Spatial point patterns can also have an associated value, and these are called marked point patterns. An example of marked point pattern is given by the longleaf data from spatstat which contains locations of 584 trees in a forest of longleaf pine trees in Georgia, USA, along with their diameter at breast height (dbh), a convenient surrogate measure of size and age (Figure 17.3). Here, it would be interesting to understand the spatial variation in the density and age of trees.

longleaf
Marked planar point pattern: 584 points
marks are numeric, of storage type  'double'
window: rectangle = [0, 200] x [0, 200] metres
plot(longleaf)
axis(1)
axis(2)
Locations and diameters of 584 trees in a forest of longleaf pine trees in Georgia, USA.

FIGURE 17.3: Locations and diameters of 584 trees in a forest of longleaf pine trees in Georgia, USA.

Castilla-La Mancha forest fires

The clmfires data contains the locations and information of forest fires in the Castilla-La Mancha region of Spain between 1998 and 2007. Figure ?? shows the fire locations and four marks with information about each fire, namely, the cause of fire (cause), the total area burned in hectares (burnt.area), the date of fire (date), and the number of days elapsed since 1 January 1998 (julian.date). The main question when analyzing this data could be to understand the spatio-temporal variability of forest fires and potential risk factors.

clmfires
Marked planar point pattern: 8488 points
Mark variables: cause, burnt.area, date, julian.date 
window: polygonal boundary
enclosing rectangle: [4.1, 391.4] x [18.6, 385.2] 
kilometres
plot(clmfires)
Locations and information of forest fires in Castilla-La Mancha, Spain.

FIGURE 17.4: Locations and information of forest fires in Castilla-La Mancha, Spain.

Hamster tumor data

The hamster data provides the centers of the nuclei of certain cells in a section of tissue from a laboratory-induced lymphoma in the kidney of a hamster (Figure 17.5). The nuclei are classified as either “pyknotic” (corresponding to dying cells) or “dividing” (corresponding to cells in the act of dividing). The background void is occupied by unrecorded, interphase cells in relatively large numbers. Using this data, we could investigate how different types of cells interact, and what is the relationship between the degree of cells interaction and cancer stage and survival.

hamster
Marked planar point pattern: 303 points
Multitype, with levels = dividing, pyknotic 
window: rectangle = [0, 1] x [0, 1] units (one unit = 
250 microns)
plot(hamster)
Cells in a tissue from a lymphoma in the kidney of a hamster.

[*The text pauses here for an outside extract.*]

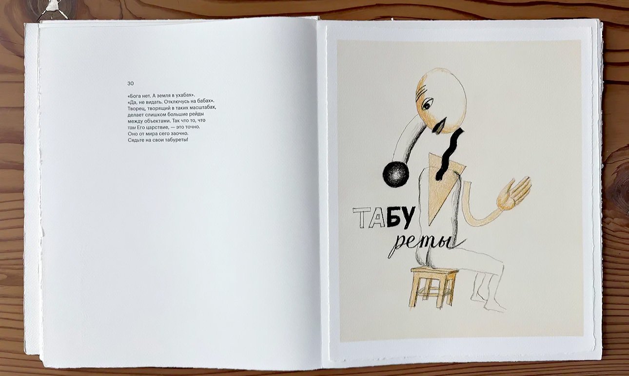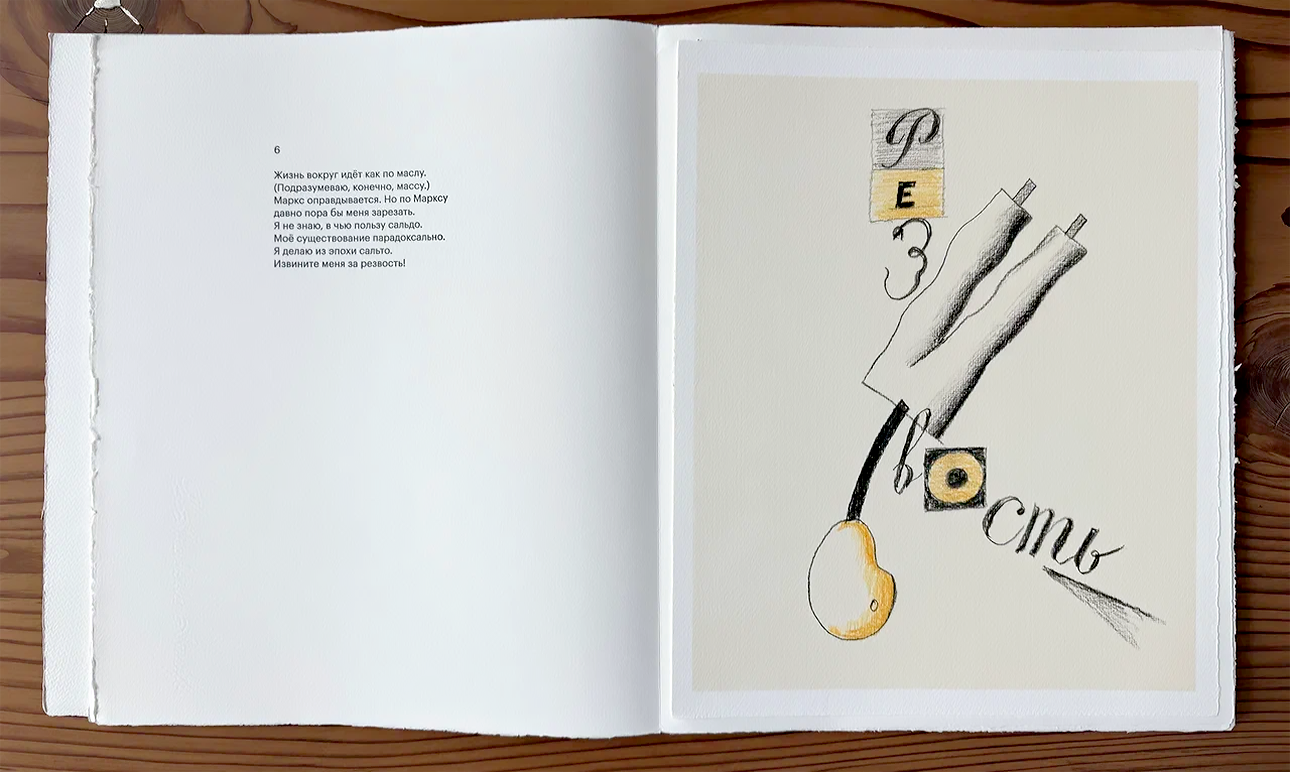Виктор Пивоваров. «Речь о пролитом молоке». Разворот из книги художника. 2025.

FIGURE 17.5: Cells in a tissue from a lymphoma in the kidney of a hamster.

Chorley-Ribble data

The chorley data gives the addresses of 58 larynx cancer cases and 978 lung cancer cases, recorded in the Chorley and South Ribble Health Authority of Lancashire, England, between 1974 and 1983. Figure 17.6 shows the locations of the case addresses, as well as the location of a disused industrial incinerator. After allowing for spatial variation in the density of the susceptible population, we could assess the evidence for an increase in the incidence of larynx cancer near the incinerator. Here, the lung cancer cases could serve as a surrogate for the spatially varying population density.

chorley
Marked planar point pattern: 1036 points
Multitype, with levels = larynx, lung 
window: polygonal boundary
enclosing rectangle: [343.4, 366.4] x [410.4, 431.8] 
km
plot(chorley)
points(chorley.extra$incin, pch = 10, cex = 2, col = "blue")
Locations of larynx and lung cancer cases, and the location of a disused industrial incinerator in a region of Lancashire, England.

FIGURE 17.6: Locations of larynx and lung cancer cases, and the location of a disused industrial incinerator in a region of Lancashire, England.